Expressing empathy can soften the refusal and show that you understand the importance of the request.

**Example:** "I'm sorry, I wish I could help with this task, but unfortunately, my schedule is completely full."

6. Provide a Timeframe

If you’re unable to help now but might be available later, provide a timeframe for when you might be able to help.

**Example:** "I can’t help this month due to preparation for the art show, but I might have some time next month after things die down."

7. Get your Students Involved! 

Honestly, if you receive a request that you genuinely would like to help with but are strapped on having the time, integrate the project into your classroom and get your students engaged to help! "Many hands make light work" is not joke and most of the time the task will take 1/4 of the time to make when you enlist in the help of your students. 

 8. Practice Saying No 🙃

Oooof this is me giving advice but also knowing this is the one I struggle with the most. But with anything, the more you practice, the easier it gets

**Example:** "I’ve overextended myself a bit and realized I need to focus more on my primary responsibilities as an art teacher, so I’ve decided to limit extra commitment for the time being. 

Now, I do just want to circle back to something that I briefly touched on in the intro—that being helpful and a team player IS important. So please don't misinterpret this blog as "ALWAYS SAY NO TO EVERY AND ALL EXTRA REQUESTS" because that is definitely not my teaching philosophy. I do believe in my core that art teachers have the magical ability to add beauty and joy throughout a school, and I also believe collaboration is an important part of the job and what is best for kids. So while it is important to protect your peace and set boundaries as to not get taken advantage of, creating art for things outside of your classroom is important and helps advocate for your program and makes your school feel warm and wonderful to all who enter.  Just make sure that you say yes to the things you can actually fit into your schedule that align with your teaching philosophy.

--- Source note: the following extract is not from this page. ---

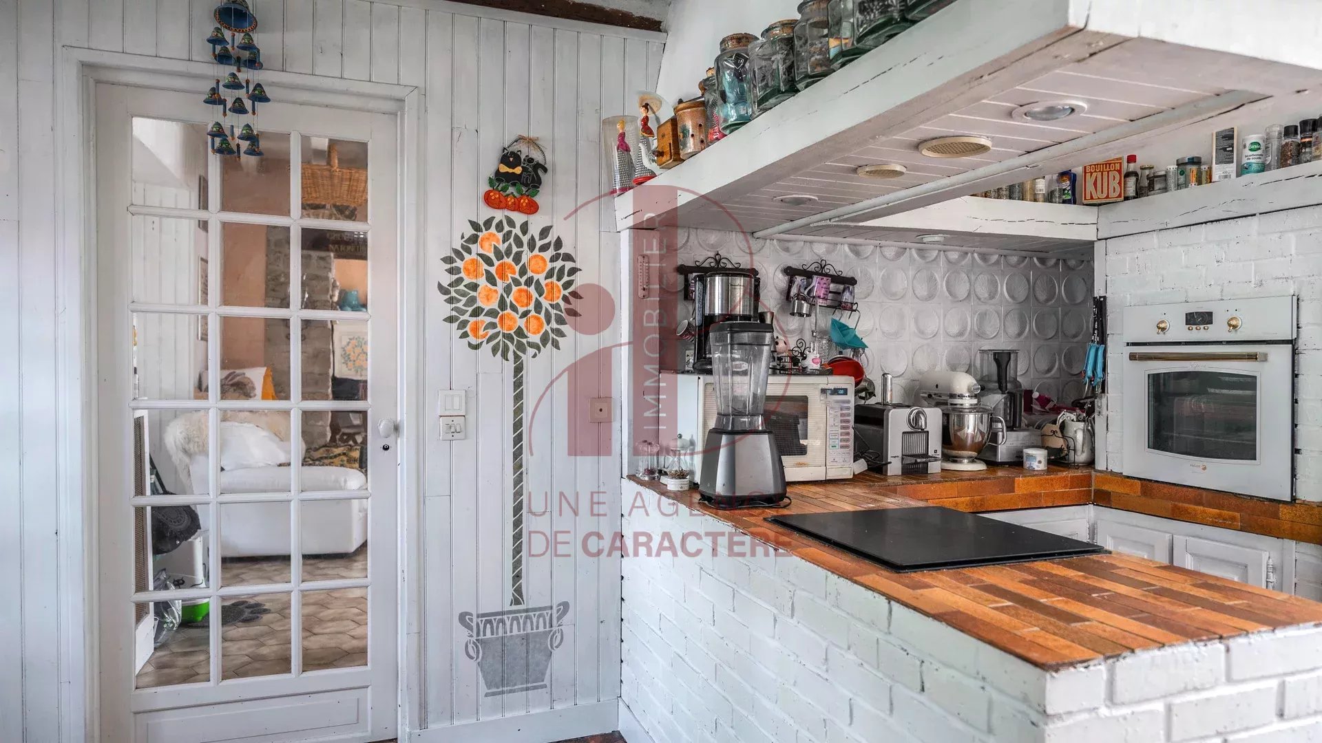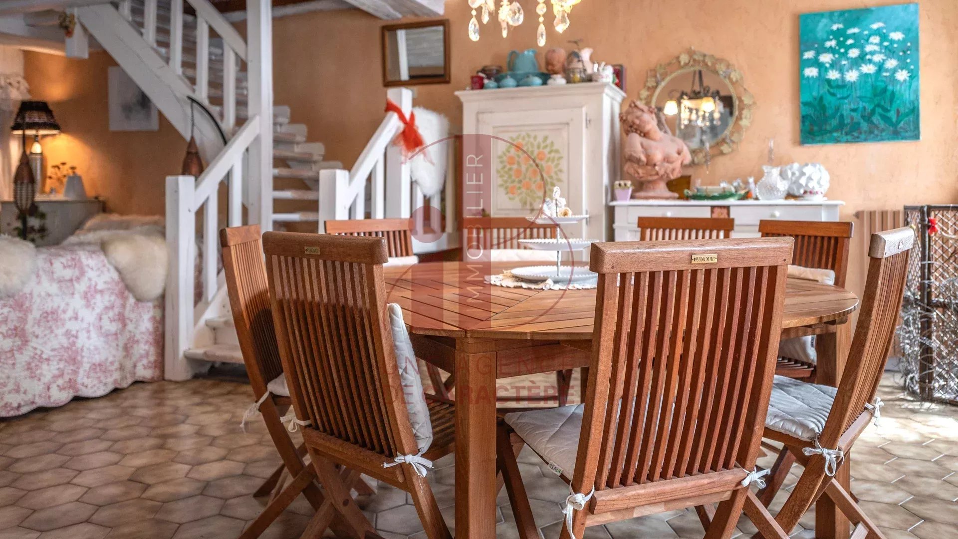 L'avantage, une MAISON PRINCIPALE de 164m² et un garage de 22m², idéale à transformer en cuisine dinatoire, entourés d'une terrasse d'angle couverte où il fait bon se poser, et une MAISON D'HOTES de 51m² avec un patio de 21m², carreaux de terre cuite au sol, un four à pain, ombragé par le cerisier et les fleurs environnantes.

For example: one of the boundaries I have set in my career is that I will happily help make a display if it will benefit the student body/ school as a whole. So that means banners for PBIS, scenery/ props for school performances, etc. What I will not do, is individual requests from staff for a personal project or a project that will only service a small number of kids. I hope that make sense?  

Saying no is one of the hardest parts of the job of an art teacher if you ask me, but thankfully after many years of saying yes to all the things and burning myself out, I have finally learned that setting clear expectations from day one is your best bet. Help out when you can, but don't make it the most important part of your job. After all, your contracted job is create high quality art education to your amazing students! You've got this!